> _DATA SHOWN_

____________________

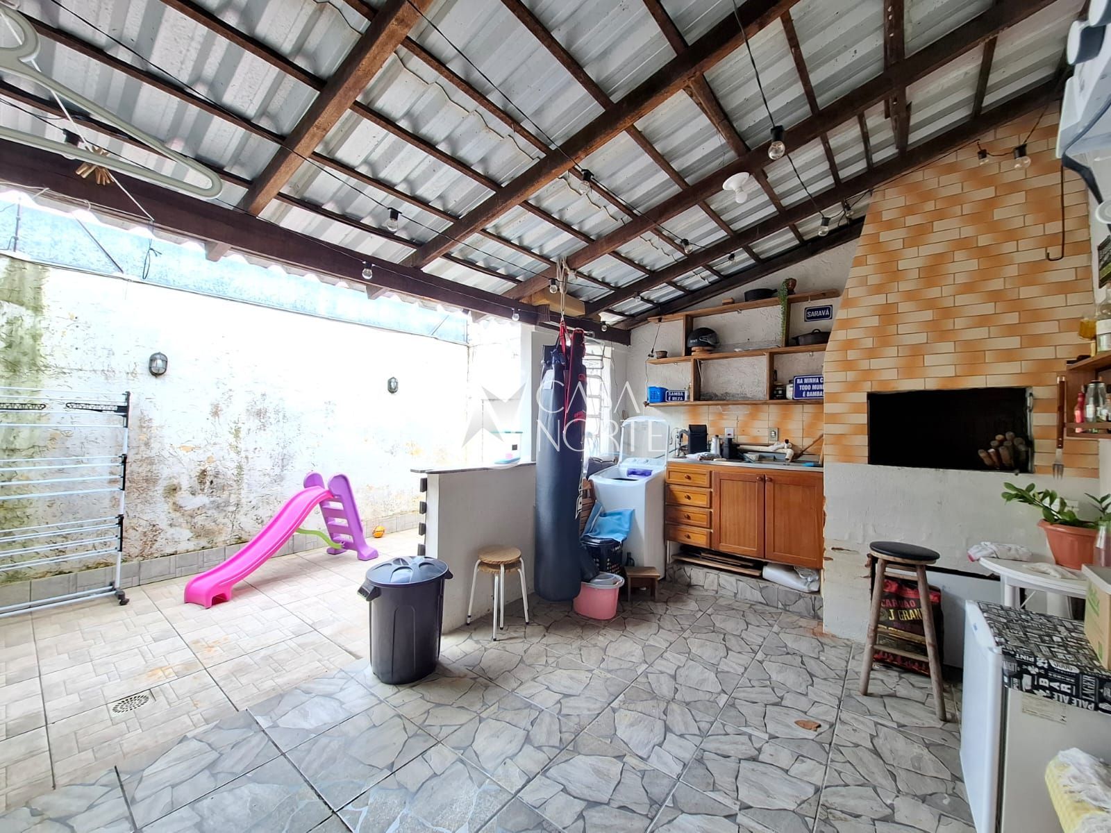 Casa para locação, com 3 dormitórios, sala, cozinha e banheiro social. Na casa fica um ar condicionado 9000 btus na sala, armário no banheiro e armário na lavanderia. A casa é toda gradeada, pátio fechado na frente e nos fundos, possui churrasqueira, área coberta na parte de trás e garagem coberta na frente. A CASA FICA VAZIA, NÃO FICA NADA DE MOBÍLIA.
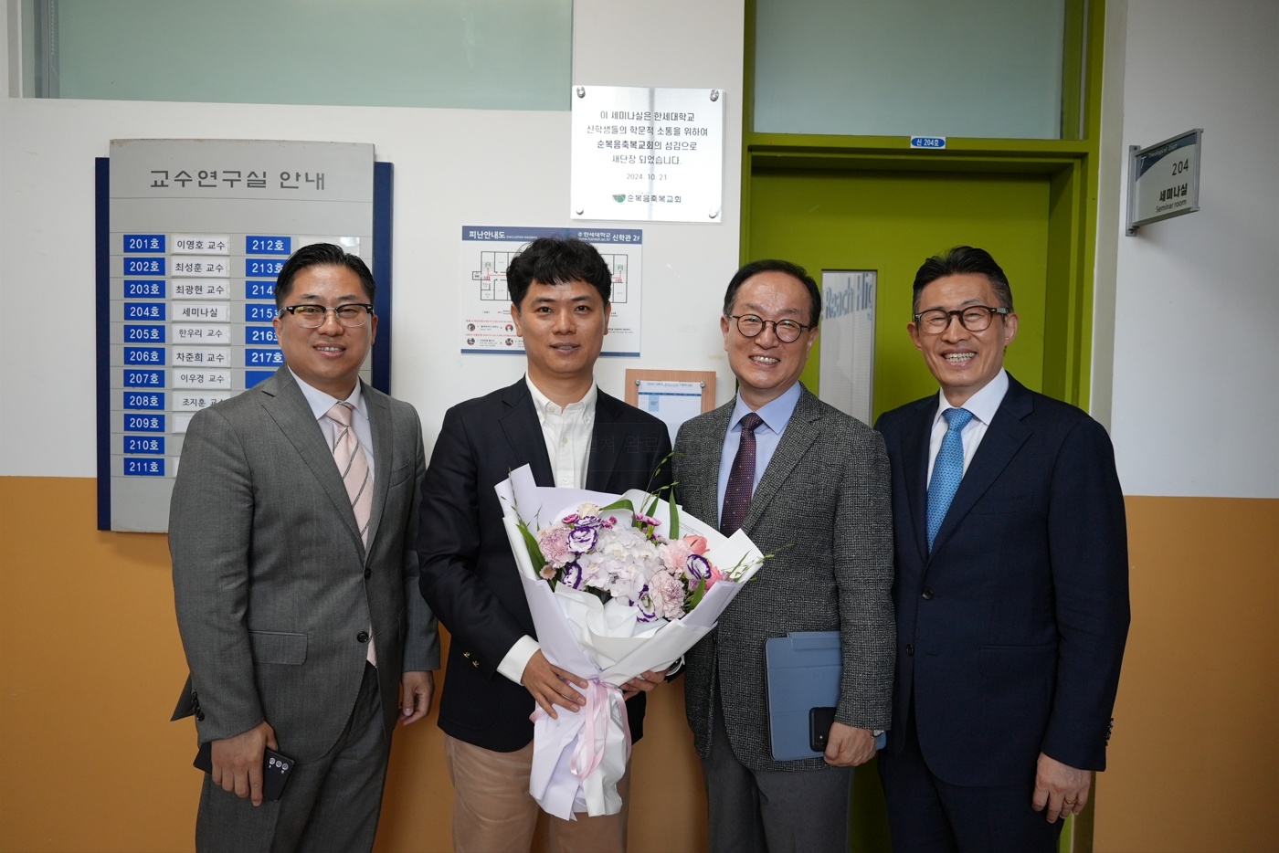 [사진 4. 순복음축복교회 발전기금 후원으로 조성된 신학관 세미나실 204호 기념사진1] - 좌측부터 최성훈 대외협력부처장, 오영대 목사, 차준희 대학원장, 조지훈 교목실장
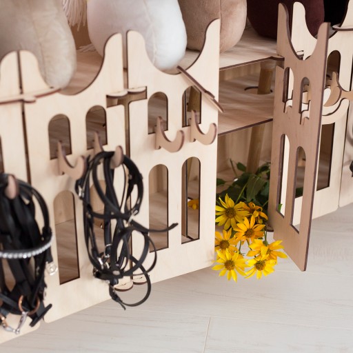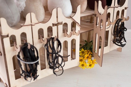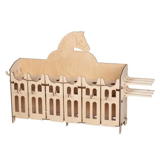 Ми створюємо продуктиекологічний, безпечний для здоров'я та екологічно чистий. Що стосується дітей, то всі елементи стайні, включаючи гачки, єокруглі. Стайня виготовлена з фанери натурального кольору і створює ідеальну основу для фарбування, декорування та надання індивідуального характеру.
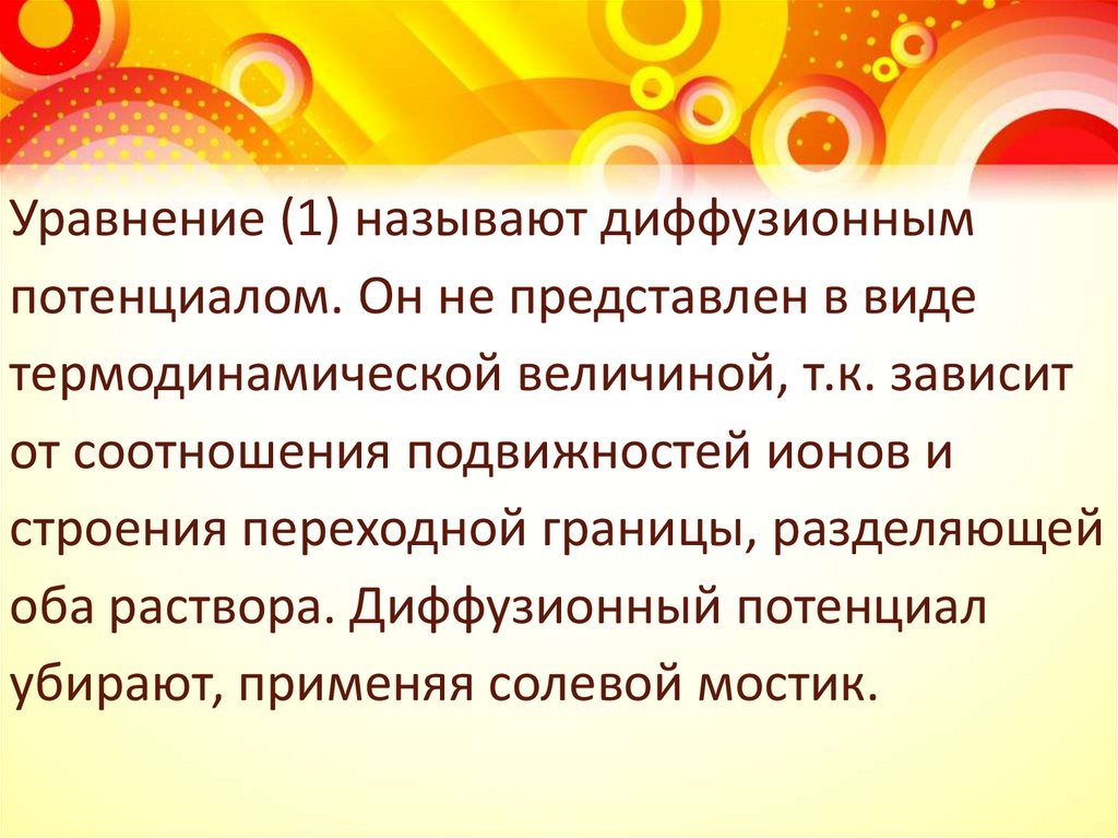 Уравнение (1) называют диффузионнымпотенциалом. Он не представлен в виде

____________________

> _WORK ITEM_
Transcribe all the material exactly; skip every image.

> _SOLUTION FOR THIS TASK_
 Casa para locação, com 3 dormitórios, sala, cozinha e banheiro social. Na casa fica um ar condicionado 9000 btus na sala, armário no banheiro e armário na lavanderia. A casa é toda gradeada, pátio fechado na frente e nos fundos, possui churrasqueira, área coberta na parte de trás e garagem coberta na frente. A CASA FICA VAZIA, NÃO FICA NADA DE MOBÍLIA.
 [사진 4. 순복음축복교회 발전기금 후원으로 조성된 신학관 세미나실 204호 기념사진1] - 좌측부터 최성훈 대외협력부처장, 오영대 목사, 차준희 대학원장, 조지훈 교목실장
 Ми створюємо продуктиекологічний, безпечний для здоров'я та екологічно чистий. Що стосується дітей, то всі елементи стайні, включаючи гачки, єокруглі. Стайня виготовлена з фанери натурального кольору і створює ідеальну основу для фарбування, декорування та надання індивідуального характеру.
 Уравнение (1) называют диффузионнымпотенциалом. Он не представлен в виде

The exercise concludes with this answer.